• pandas notes 30


    1. What is pandas?

    pandas main page

    pandas installation instructions

    Anaconda distribution of Python (includes pandas)

    How to use the IPython/Jupyter notebook

    2. How do I read a tabular data file into pandas?

    user_cols = ['user_id', 'age', 'gender', 'occupation', 'zip_code']

    users = pd.read_table('http://bit.ly/movieusers', sep='|', header=None, names=user_cols)

    3. How do I select a pandas Series from a DataFrame?

    # select the 'City' Series using bracket notation

    ufo['City']

    # or equivalently, use dot notation

    ufo.City

    ufo['Location'] = ufo.City + ', ' + ufo.State

    4. Why do some pandas commands end with parentheses

    movies.head()

    movies.columns

    movies.describe()

    movies.shape

    movies.dtypes

    # use an optional parameter to the describe method to summarize only 'object' columns

    movies.describe(include=['object'])

    5. How do I rename columns in a pandas DataFrame?

    ufo.rename(columns={'Colors Reported':'Colors_Reported', 'Shape Reported':'Shape_Reported'}, inplace=True)

    ufo_cols = ['city', 'colors reported', 'shape reported', 'state', 'time']

    ufo.columns = ufo_cols

    # replace the column names during the file reading process by using the 'names' parameter

    ufo = pd.read_csv('http://bit.ly/uforeports', header=0, names=ufo_cols)

    ufo.columns = ufo.columns.str.replace(' ', '_')

    6. How do I remove columns from a pandas DataFrame?

    # remove a single column (axis=1 refers to columns)

    ufo.drop('Colors Reported', axis=1, inplace=True)

    # remove multiple columns at once

    ufo.drop(['City', 'State'], axis=1, inplace=True)

    # remove multiple rows at once (axis=0 refers to rows)

    ufo.drop([0, 1], axis=0, inplace=True)

    7. How do I sort a pandas DataFrame or a Series?

    movies.title.sort_values().head()

    movies.title.sort_values(ascending=False).head()

    movies.sort_values('title').head()

    movies.sort_values('title', ascending=False).head()

    movies.sort_values(['content_rating', 'duration']).head()

    8. How do I filter rows of a pandas DataFrame by column value?

    # select the 'genre' Series from the filtered DataFrame

    movies[movies.duration >= 200].genre

    # or equivalently, use the 'loc' method

    movies.loc[movies.duration >= 200, 'genre']
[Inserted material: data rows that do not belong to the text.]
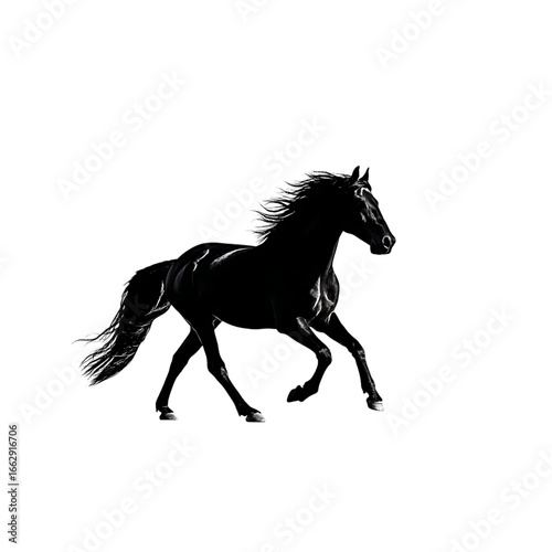 Dramatic black Friesian horse gallops powerfully, its dark silhouette and flowing mane creating a sense of mystery and wild elegance perfect for equestrian themes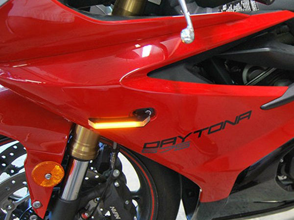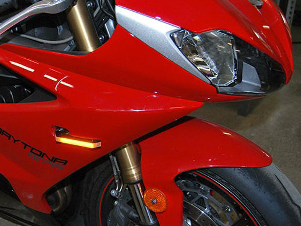 Custom designed plug & play LED front turn signals for Triumph Daytona 675.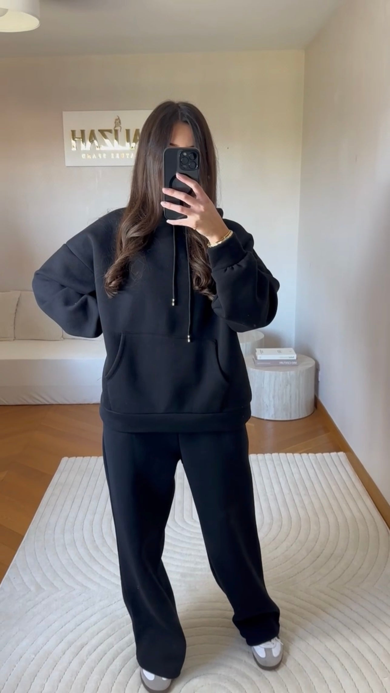 Intemporel, cet ensemble jogging noir associe confort et style. Sa matière chaude et douce assure un bien-être absolu, tandis que sa coupe fluide et équilibrée en fait une tenue polyvalente, parfaite pour un look urbain, cosy ou voyage.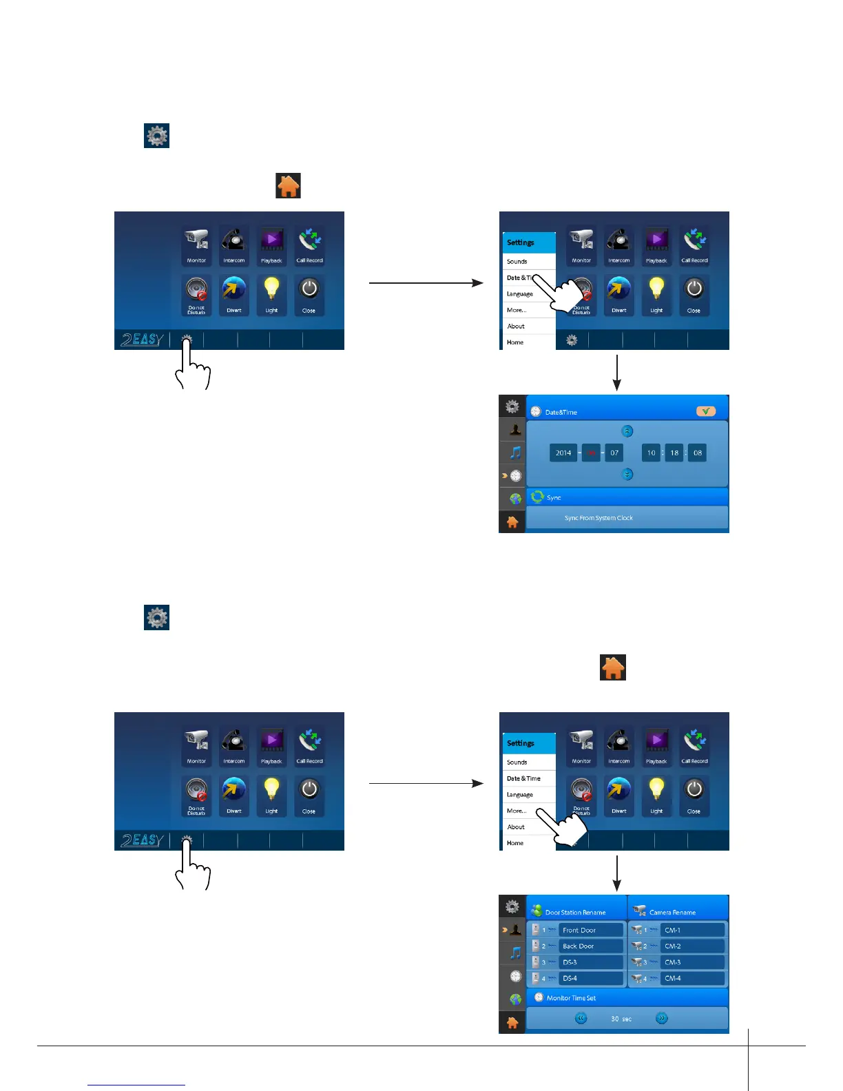station rename, camera rename, monitor time on this page.(touch icon to exit the

    9. How do I apply multiple filter criteria to a pandas DataFrame?

    movies[(movies.duration >=200) & (movies.genre == 'Drama')]

    movies[(movies.genre == 'Crime') | (movies.genre == 'Drama') | (movies.genre == 'Action')]

    movies[movies.genre.isin(['Crime', 'Drama', 'Action'])]

    10. Your pandas questions answered!

    # specify which columns to include by name

    ufo = pd.read_csv('http://bit.ly/uforeports', usecols=['City', 'State'])

    # or equivalently, specify columns by position

    ufo = pd.read_csv('http://bit.ly/uforeports', usecols=[0, 4])

    ufo = pd.read_csv('http://bit.ly/uforeports', nrows=3)

    # various methods are available to iterate through a DataFrame

    for index, row in ufo.iterrows():

        print(index, row.City, row.State)

    # only include numeric columns in the DataFrame

    import numpy as np

    drinks.select_dtypes(include=[np.number]).dtypes

    drinks.describe(include='all')

    drinks.describe(include=['object', 'float64'])

    11. How do I use the "axis" parameter in pandas?

    When performing a mathematical operation with the axis parameter:

    axis 0 means the operation should "move down" the row axis

    axis 1 means the operation should "move across" the column axis

    # 'index' is an alias for axis 0

    drinks.mean(axis='index')

    # 'columns' is an alias for axis 1

    drinks.mean(axis='columns')

    12. How do I use string methods in pandas?

    # string methods for pandas Series are accessed via 'str'

    orders.item_name.str.upper()

    orders[orders.item_name.str.contains('Chicken')]

    orders.choice_description.str.replace('[', '').str.replace(']', '')

    # many pandas string methods support regular expressions (regex)

    orders.choice_description.str.replace('[

    " role="presentation">
    ]', '')

    13. How do I change the data type of a pandas Series?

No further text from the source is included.